Mrs. Bentley's explanation is that the arsenic in the fly-papers was extracted to be used by her for cosmetic purposes. She claims that her husband gave her the packet of arsenic, which he told her was a beneficial drug which the doctor would prevent him from taking, asking her to put a pinch or two of this drug into his food occasionally (thus the business with the bottle of Bovril). She claims she cannot account for the arsenic being in the thermos residue and in some medicine bottles and suggests that Bentley himself was responsible for adding it in these cases.

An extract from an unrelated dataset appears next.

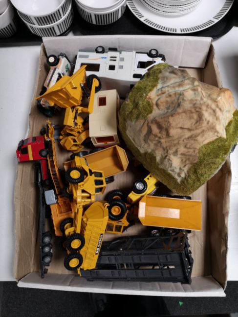 A box of die cast toys, dumper truck etc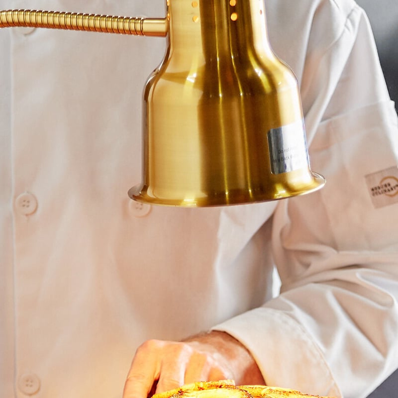 This lamp is great for use with carving stations at hotels, banquet halls, or catered events. It gives you a range of heating options thanks to its flexible body that may be lowered toward, or raised away from foods with ease. It also provides a clear view of what you're doing, which helps to ensure precise cuts when working on your delicious meats and other product.

Sheringham eventually formulates a hypothesis that Bentley had become mentally unbalanced after learning of his wife's affair with Mr. Allen, and that Bentley's death was a suicide that was also aimed at implicating his wife for his murder. This hypothesis proves to be wrong: upon making inquiries about John Bentley's earlier life in Paris, Sheringham discovers that he was an “arsenic eater,” a person who regularly ingests and develops a tolerance for normally fatal doses of arsenic in the belief that it improves one's physical stamina. Sheringham concludes: “Bentley died from natural gastroenteritis set up either by the chill he had caught at the picnic or by impure food, and possibly (one might say, probably) aggravated by the arsenic with which he at once proceeded to treat himself.”

==Influences==

Martin Edwards observes that Berkeley and his contemporaries Agatha Christie and Dorothy L. Sayers “were fascinated by murder in real life. True crime stories influenced and inspired them.” Edwards and Tony Medawar both note that The Wychford Poisoning Case was based on the case of Florence Maybrick, accused and convicted of poisoning her husband, James Maybrick. Sheringham also alludes to numerous other true crime cases involving Edith Thompson and Frederick Bywaters, Frederick Seddon, Hawley Harvey Crippen, William Palmer, Edward William Pritchard, George Henry Lamson, Herbert Rowse Armstrong, Catherine Wilson, Maria van der Linden-Swanenburg (referred to in the novel as “Van de Leyden”), Marie Jeanneret (a Swiss nurse found guilty of murdering six persons and attempting to murder two others by poison), Steinie Morrison, Oscar Slater, Constance Kent, Alfred John Monson, and Madeleine Smith.

==Significance==

In later years, Berkeley was embarrassed by The Wychford Poisoning Case, telling a correspondent: “I blush hotly whenever I look now at its intolerably facetious pages.” Sheringham, as well as his sidekick Alec Grierson and Grierson's cousin Shelia Purefoy are indeed at times irritatingly facetious in their conversations together, and the recurrent horseplay (including forced spanking) between the married Grierson and his 19-year-old cousin Shelia, as Tony Medawar notes in his introduction to the first republication of the novel “reads oddly today.” Medawar points out that the novel is “notable for the innovative consideration of psychology as a method of crime detection.” As Sheringham lectures Grierson: “What do you think it is that makes any great murder case so absorbingly interesting? Not the sordid facts in themselves. No, it's the psychology of the people concerned; the character of the criminal, the character of the victim, their reactions to violence, what they thought and felt and suffered over it all. The circumstances of the case, the methods of the murder, the steps he tales to elude detection—all these arise directly out of character; in themselves they’re only secondary. Facts, you might say, depend on psychology.” The case's “sordid facts” do ultimately prove to be underwhelming (“Real life is one anti-climax after another, you know,” Sheringham observes), and it is the speculations about the psychological motivations of the suspects that sustains the suspense of the narrative. Sheringham also expresses throughout the novel very jaundiced views of the legal system, including the competence of judges: as Martin Edwards notes, Berkeley “devoted several of his novels to subversive attacks on conventional justice.”

==Bibliography==
- Berkeley, Anthony. The Wychford Poisoning Case. 1926. Introduction by Tony Medawar. Collins Crime Club-HarperCollins, 2021. ISBN 978-0-00-833388-1.
- Edwards, Martin. The Golden Age of Murder: The Mystery of the Writers Who Invented the Modern Detective Story. London: Collins Crime Club-HarperCollins, 2016. ISBN 978-0-00-810598-3.